_WHAT YOU SHOULD DO_. Please write out every line of the listing without alteration, but omit the images.

_GIVEN DATA_.

==================================================

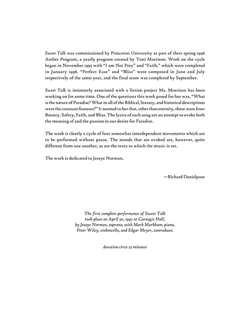 Composer: Richard DanielpourRichard Danielpour - Sweet TalkPublisher: Associated Music Publishers, Inc.Category: VocalSeries: Vocal CollectionFormat: PaperbackFour songs on texts by Toni Morrison. The lyrics are an attempt to evoke both the meaning of and the passion in...Regular price $47.99 -
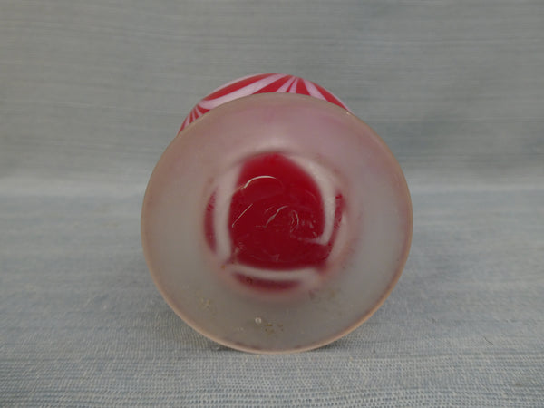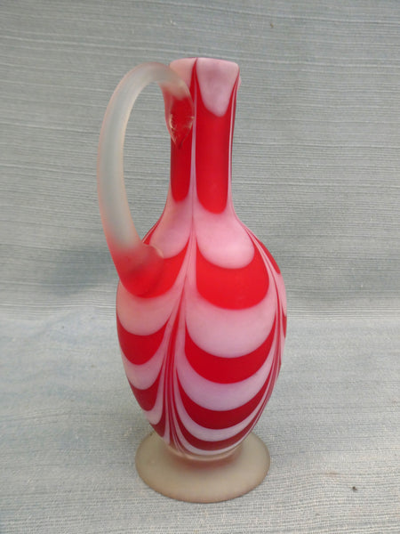 Beautiful feathered red and white satin glass cruet with frosted glass applied handle and base. In Excellent condition with no chips, cracks or scratches. 6.5" tall.
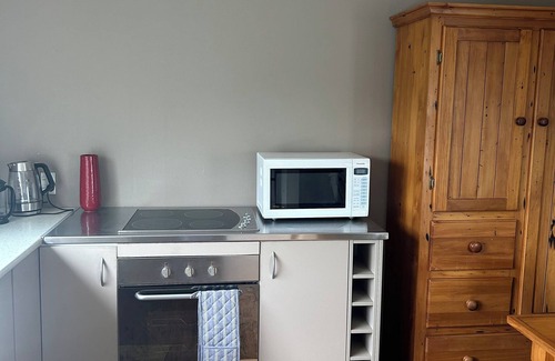 Open plan Kitchen, dining and living room. Modern full kitchen including dishwasher, oven fridge and dinning table that seats 4. Living room includes a couch and TV (Netflix and WIFI). This comfy space has sea view’s from the large kitchen window and glass sliding door. There is also a Heat pump and carpeted floors in the living room.

==================================================

_TASK OUTPUT_.
 Composer: Richard DanielpourRichard Danielpour - Sweet TalkPublisher: Associated Music Publishers, Inc.Category: VocalSeries: Vocal CollectionFormat: PaperbackFour songs on texts by Toni Morrison. The lyrics are an attempt to evoke both the meaning of and the passion in...Regular price $47.99 -
 Beautiful feathered red and white satin glass cruet with frosted glass applied handle and base. In Excellent condition with no chips, cracks or scratches. 6.5" tall.
 Open plan Kitchen, dining and living room. Modern full kitchen including dishwasher, oven fridge and dinning table that seats 4. Living room includes a couch and TV (Netflix and WIFI). This comfy space has sea view’s from the large kitchen window and glass sliding door. There is also a Heat pump and carpeted floors in the living room.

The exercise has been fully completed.